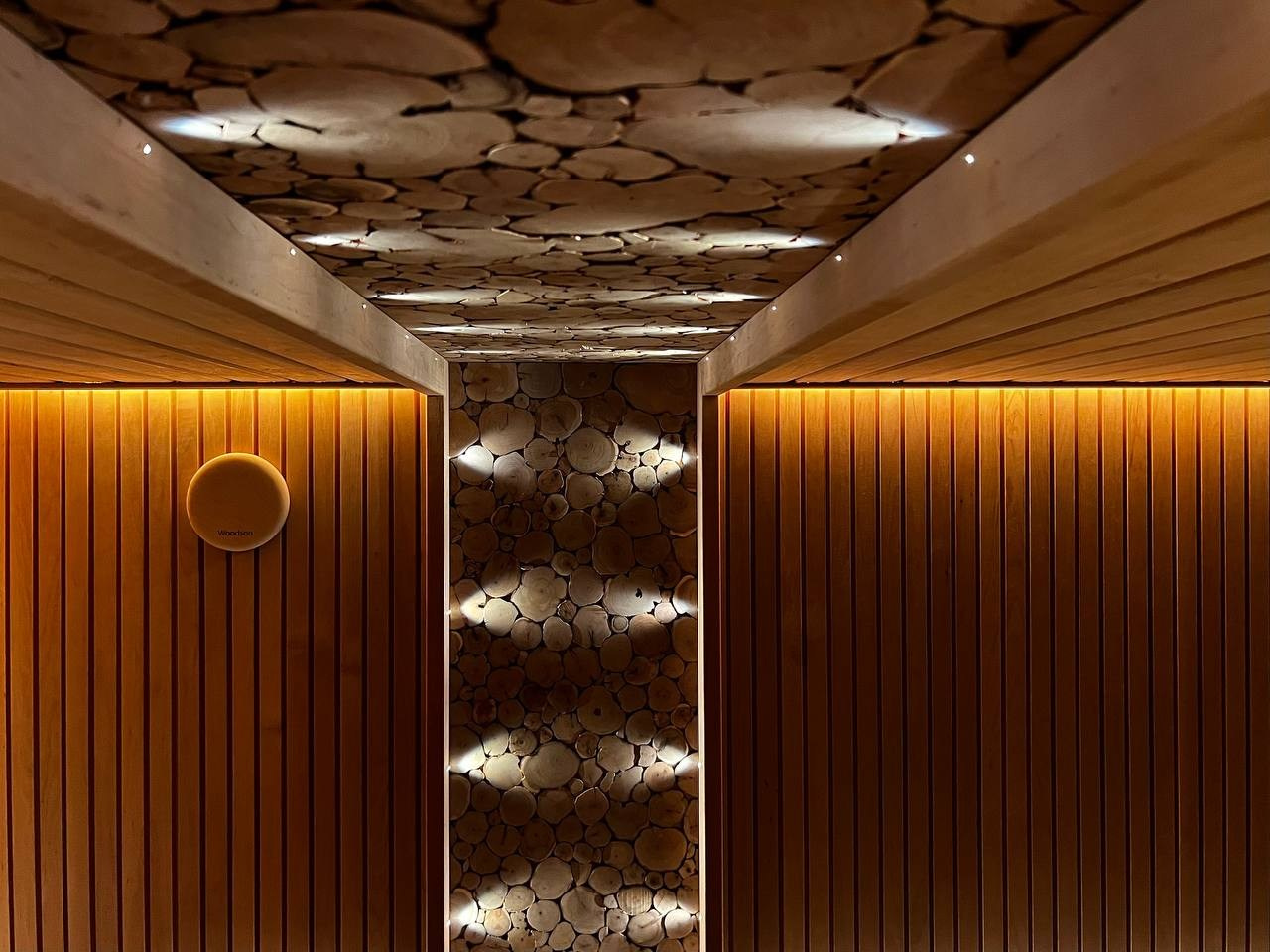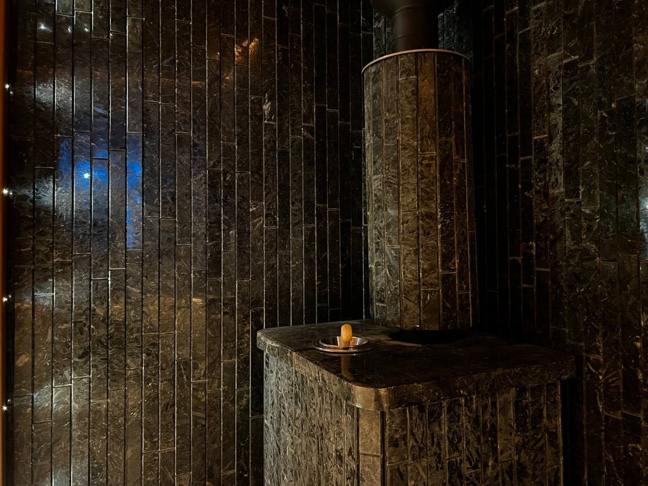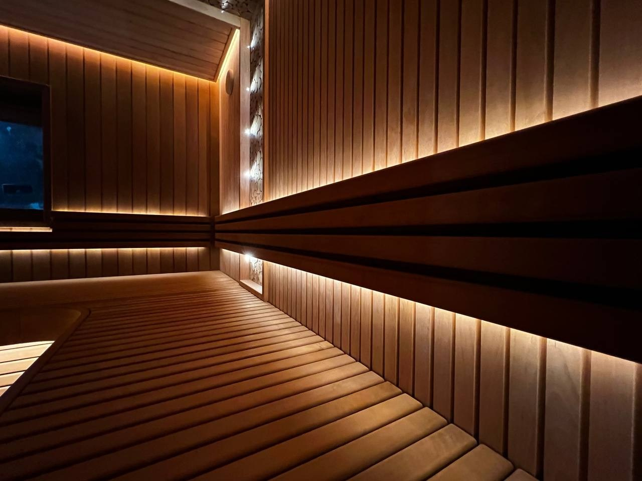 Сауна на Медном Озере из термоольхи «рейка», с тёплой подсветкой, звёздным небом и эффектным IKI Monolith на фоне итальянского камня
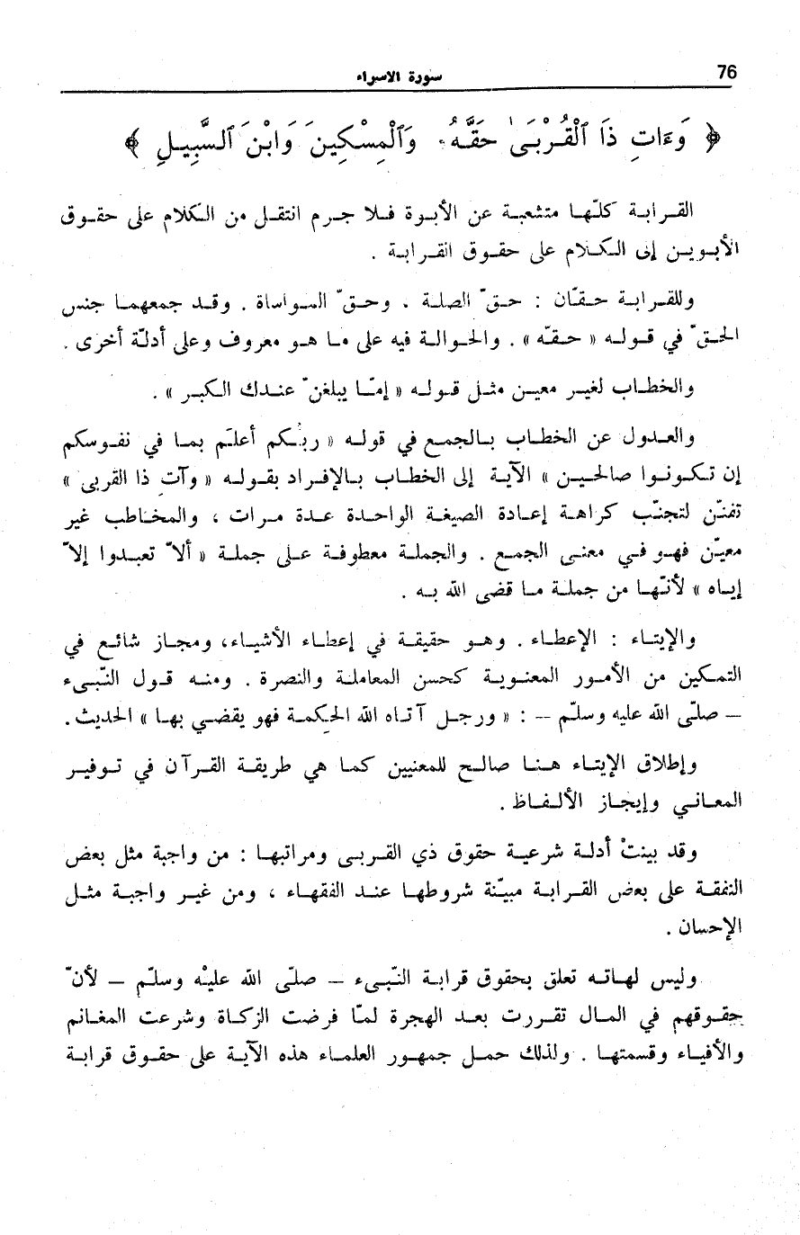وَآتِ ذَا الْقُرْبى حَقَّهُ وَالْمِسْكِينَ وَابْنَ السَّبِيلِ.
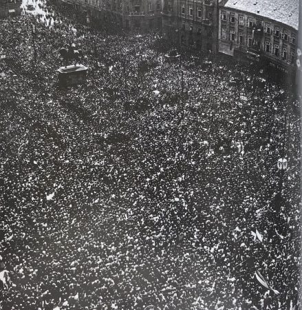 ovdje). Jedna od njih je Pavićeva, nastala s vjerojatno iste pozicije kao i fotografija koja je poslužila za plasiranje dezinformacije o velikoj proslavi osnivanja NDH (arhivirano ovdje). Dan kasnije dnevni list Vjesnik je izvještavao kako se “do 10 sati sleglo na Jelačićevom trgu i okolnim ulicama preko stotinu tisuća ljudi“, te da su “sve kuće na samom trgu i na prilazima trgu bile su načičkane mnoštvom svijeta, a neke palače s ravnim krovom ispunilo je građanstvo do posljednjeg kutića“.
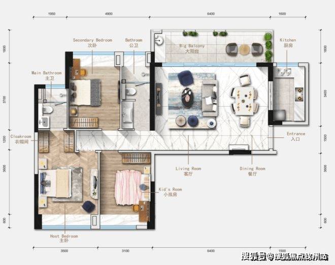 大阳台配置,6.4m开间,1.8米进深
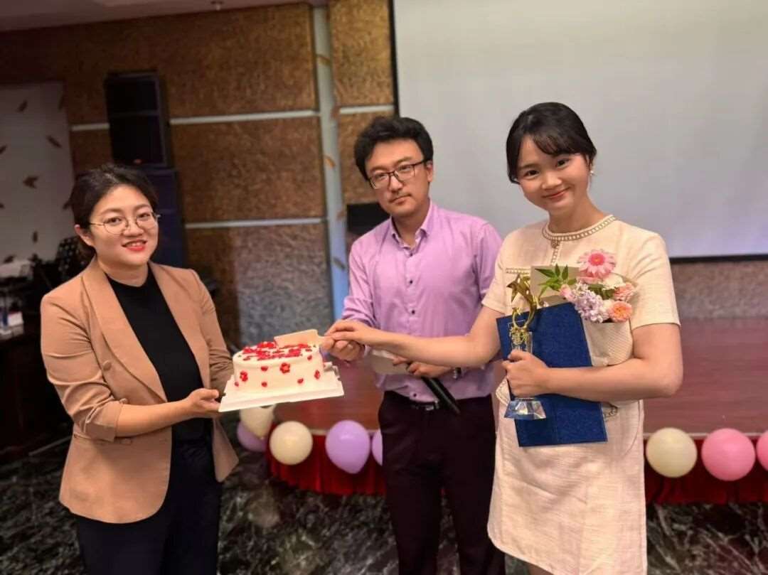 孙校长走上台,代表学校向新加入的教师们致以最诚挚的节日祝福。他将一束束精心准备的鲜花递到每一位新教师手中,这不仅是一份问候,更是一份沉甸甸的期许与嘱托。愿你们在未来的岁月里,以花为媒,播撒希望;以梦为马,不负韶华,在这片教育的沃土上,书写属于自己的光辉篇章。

---

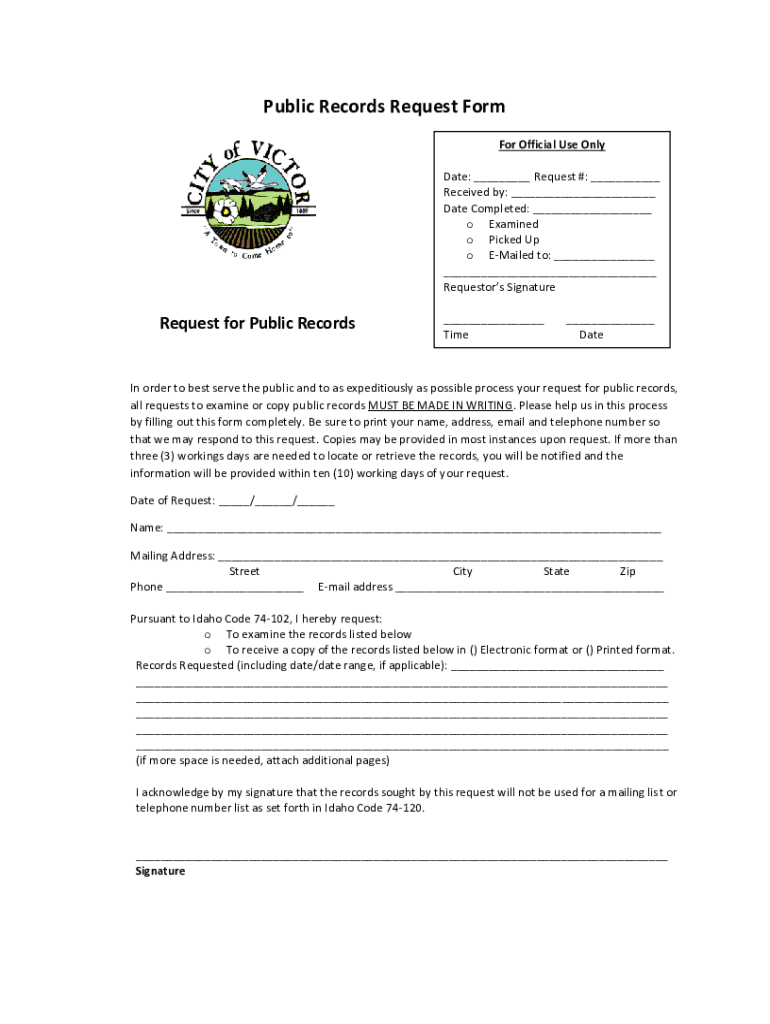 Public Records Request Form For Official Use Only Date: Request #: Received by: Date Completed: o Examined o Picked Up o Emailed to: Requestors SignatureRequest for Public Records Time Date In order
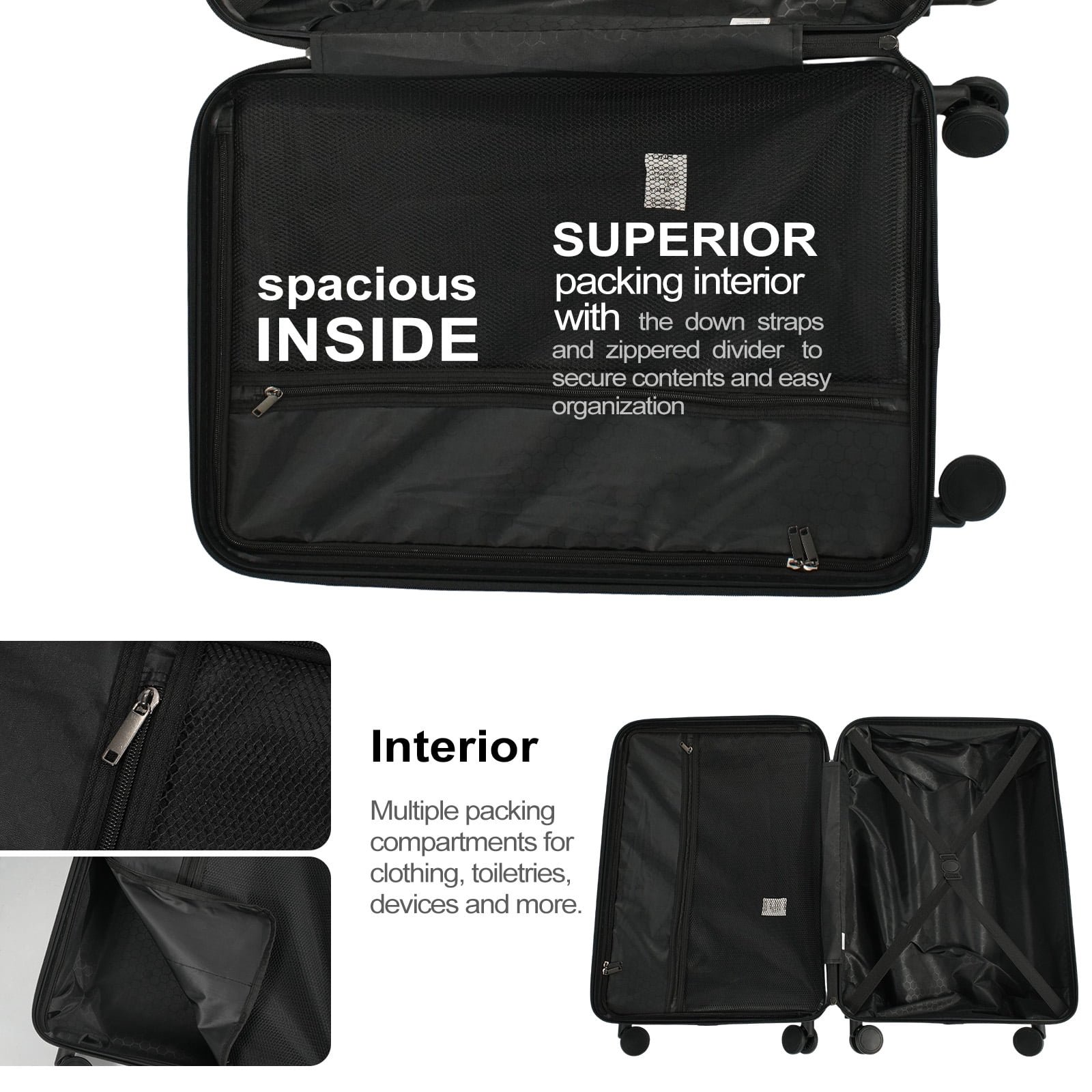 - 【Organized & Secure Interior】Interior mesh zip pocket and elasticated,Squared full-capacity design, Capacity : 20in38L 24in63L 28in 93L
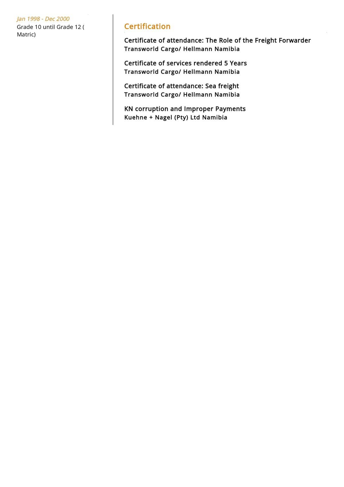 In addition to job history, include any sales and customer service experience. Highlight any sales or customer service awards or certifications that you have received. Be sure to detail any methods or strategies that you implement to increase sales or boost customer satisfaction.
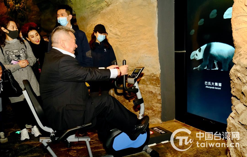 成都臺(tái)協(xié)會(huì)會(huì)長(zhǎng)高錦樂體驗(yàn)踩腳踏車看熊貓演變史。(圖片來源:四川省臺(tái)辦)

* * *

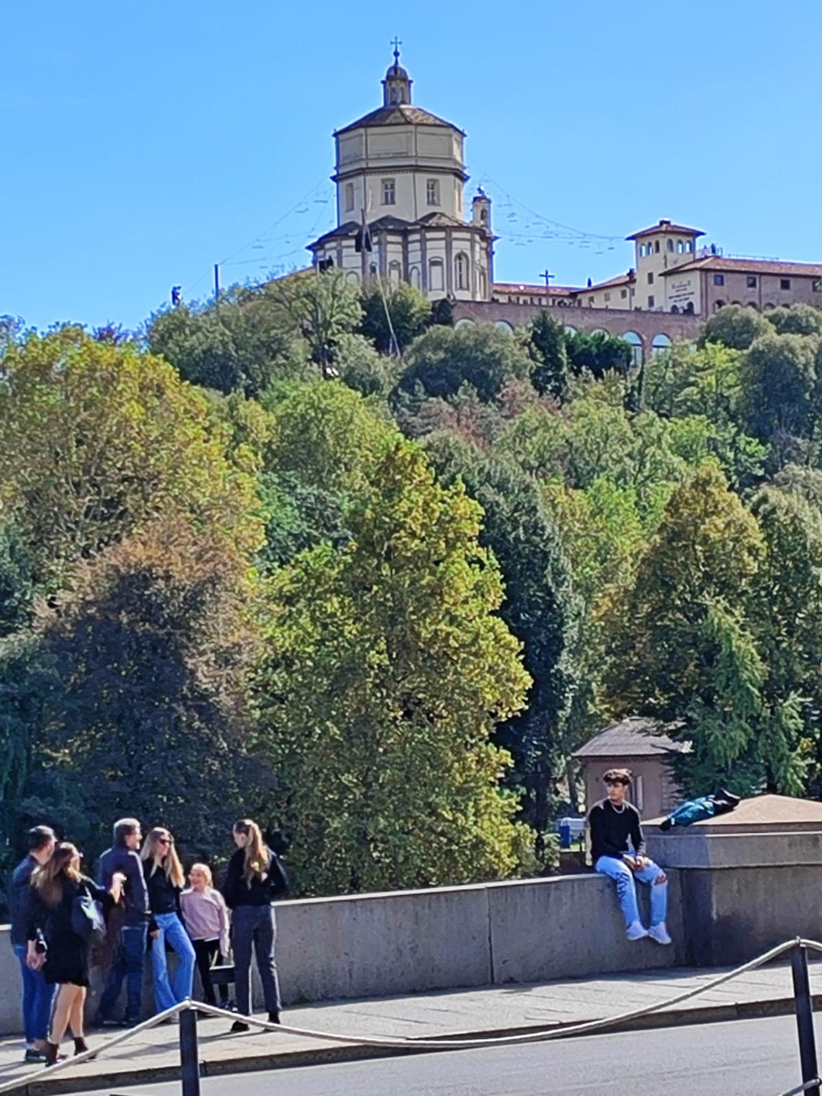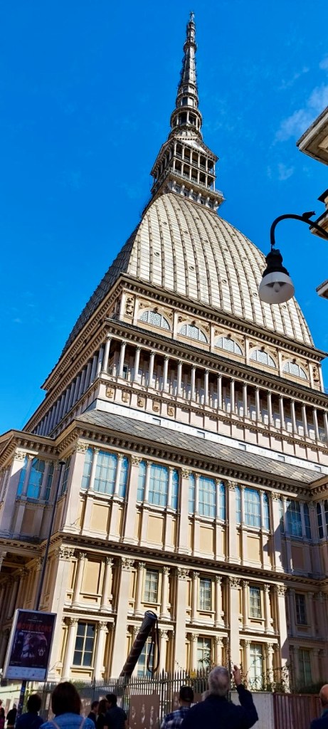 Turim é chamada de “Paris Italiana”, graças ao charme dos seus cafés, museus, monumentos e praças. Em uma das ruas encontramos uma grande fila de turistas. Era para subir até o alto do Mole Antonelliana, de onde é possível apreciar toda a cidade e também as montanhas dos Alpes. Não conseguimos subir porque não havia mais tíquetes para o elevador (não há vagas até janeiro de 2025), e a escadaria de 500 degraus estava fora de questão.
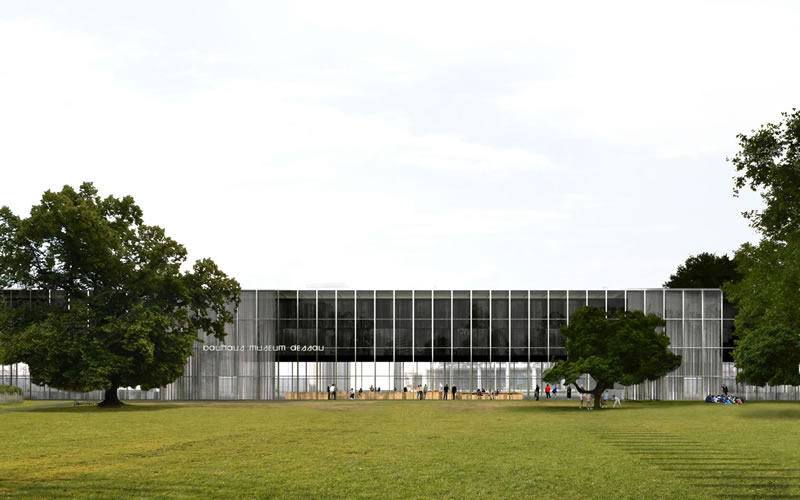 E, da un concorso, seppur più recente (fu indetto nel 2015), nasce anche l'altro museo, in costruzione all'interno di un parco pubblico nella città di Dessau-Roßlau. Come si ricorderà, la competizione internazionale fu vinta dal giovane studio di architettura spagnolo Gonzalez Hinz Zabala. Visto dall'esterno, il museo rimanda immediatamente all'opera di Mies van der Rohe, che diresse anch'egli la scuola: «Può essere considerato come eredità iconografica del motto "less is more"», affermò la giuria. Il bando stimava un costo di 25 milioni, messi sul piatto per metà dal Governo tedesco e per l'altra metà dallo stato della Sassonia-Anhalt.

WORK ITEM | Using the data above, retype exactly the lines from the line with "In addition to" to the line with "成都臺(tái)協(xié)", inclusive. No pictures and nothing else.

SOLVED PROBLEM |
 In addition to job history, include any sales and customer service experience. Highlight any sales or customer service awards or certifications that you have received. Be sure to detail any methods or strategies that you implement to increase sales or boost customer satisfaction.
 成都臺(tái)協(xié)會(huì)會(huì)長(zhǎng)高錦樂體驗(yàn)踩腳踏車看熊貓演變史。(圖片來源:四川省臺(tái)辦)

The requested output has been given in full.